# Stock management suggestions



## monktus (Mar 27, 2007)

I've been looking for a stock management script and would appreciate some suggestions. I've been searching SourceForge and have tried a couple of scripts (OpenTaps, which I found to be a bit clunky, and Inventory Management Software, which looked to do what I needed however I haven't managed to successfully install it and the lack of information about it on the website worried me slightly). What I need is a server based script to:

Allow stores to record sales and count stock (doesn't need to be tied into a till system)
Allow me to record incoming stock to head office, stock transfers and produce sales reports

Many of the server based applications I've seen are basically accounting packages with inventory management tacked on, and while something like this would be acceptable if it does the job, I'd rather have something that just deals with stock.

Ideally I'd like something open source, however commercial software is also fine as long as it's not too expensive (we had a bespoke quote of about £1000). Also, while client/server software would be ok, I'd prefer something web based (server and client machines are all running Windows so ASP is do-able as well as PHP/MySQL etc.).

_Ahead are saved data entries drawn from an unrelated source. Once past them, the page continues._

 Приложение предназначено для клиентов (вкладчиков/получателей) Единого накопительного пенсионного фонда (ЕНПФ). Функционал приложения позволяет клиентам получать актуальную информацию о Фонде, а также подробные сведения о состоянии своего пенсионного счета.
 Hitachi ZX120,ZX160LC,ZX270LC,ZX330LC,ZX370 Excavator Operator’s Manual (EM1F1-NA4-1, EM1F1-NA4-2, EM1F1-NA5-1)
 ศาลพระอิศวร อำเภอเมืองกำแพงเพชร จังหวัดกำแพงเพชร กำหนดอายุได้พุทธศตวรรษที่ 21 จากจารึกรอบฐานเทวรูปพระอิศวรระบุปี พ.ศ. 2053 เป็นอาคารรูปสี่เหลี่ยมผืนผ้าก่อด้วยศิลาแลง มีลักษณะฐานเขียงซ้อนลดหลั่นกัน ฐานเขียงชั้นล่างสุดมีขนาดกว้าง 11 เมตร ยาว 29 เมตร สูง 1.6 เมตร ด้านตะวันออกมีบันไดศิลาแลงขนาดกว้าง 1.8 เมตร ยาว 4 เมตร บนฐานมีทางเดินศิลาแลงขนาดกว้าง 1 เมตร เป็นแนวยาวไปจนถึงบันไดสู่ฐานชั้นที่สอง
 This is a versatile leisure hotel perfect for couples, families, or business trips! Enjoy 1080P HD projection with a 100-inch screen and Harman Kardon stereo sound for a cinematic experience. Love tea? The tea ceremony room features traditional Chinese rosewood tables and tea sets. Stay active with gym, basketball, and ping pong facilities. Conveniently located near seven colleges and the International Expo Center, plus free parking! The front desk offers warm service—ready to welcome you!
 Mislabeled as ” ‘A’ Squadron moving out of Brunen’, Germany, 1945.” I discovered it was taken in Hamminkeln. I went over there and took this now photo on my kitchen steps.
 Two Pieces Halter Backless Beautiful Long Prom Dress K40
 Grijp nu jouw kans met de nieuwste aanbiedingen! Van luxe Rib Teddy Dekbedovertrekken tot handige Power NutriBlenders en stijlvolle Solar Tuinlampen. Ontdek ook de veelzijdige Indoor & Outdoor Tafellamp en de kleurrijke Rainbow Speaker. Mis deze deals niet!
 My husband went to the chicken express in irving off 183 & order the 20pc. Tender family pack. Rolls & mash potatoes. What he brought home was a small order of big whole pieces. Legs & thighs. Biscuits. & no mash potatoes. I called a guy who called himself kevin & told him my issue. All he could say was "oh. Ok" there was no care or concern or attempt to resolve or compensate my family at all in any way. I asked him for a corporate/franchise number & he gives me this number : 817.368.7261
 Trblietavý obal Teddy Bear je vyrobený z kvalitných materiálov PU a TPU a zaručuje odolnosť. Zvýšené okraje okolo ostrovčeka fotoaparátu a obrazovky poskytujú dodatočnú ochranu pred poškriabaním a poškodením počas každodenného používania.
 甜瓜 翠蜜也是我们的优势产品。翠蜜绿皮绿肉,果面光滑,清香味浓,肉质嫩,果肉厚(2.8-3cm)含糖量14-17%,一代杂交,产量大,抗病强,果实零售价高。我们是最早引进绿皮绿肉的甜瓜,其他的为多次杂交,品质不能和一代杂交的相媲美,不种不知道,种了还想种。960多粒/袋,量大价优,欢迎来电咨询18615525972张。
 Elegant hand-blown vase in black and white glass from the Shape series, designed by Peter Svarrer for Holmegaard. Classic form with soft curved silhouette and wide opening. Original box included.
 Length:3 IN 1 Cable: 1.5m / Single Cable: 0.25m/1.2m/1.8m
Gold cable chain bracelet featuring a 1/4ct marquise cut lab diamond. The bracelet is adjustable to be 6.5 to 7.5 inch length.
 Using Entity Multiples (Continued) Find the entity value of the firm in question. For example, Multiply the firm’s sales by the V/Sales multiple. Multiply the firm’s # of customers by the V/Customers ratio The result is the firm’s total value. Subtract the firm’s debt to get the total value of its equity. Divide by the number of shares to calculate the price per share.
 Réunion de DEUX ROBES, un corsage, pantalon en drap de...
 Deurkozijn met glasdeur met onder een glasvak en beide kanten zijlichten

As I said I've been having a look on SourceForge and Google but any recommendations would be useful. Thanks.


----------



## ksv (Apr 18, 2007)

I don't have any software to recommend but I might be able to develop a custom solution within that budget, depending on exact specs and code reusability. The cost would be for the development itself and the code would be distrubuted as open source afterwards if okay'ed.


----------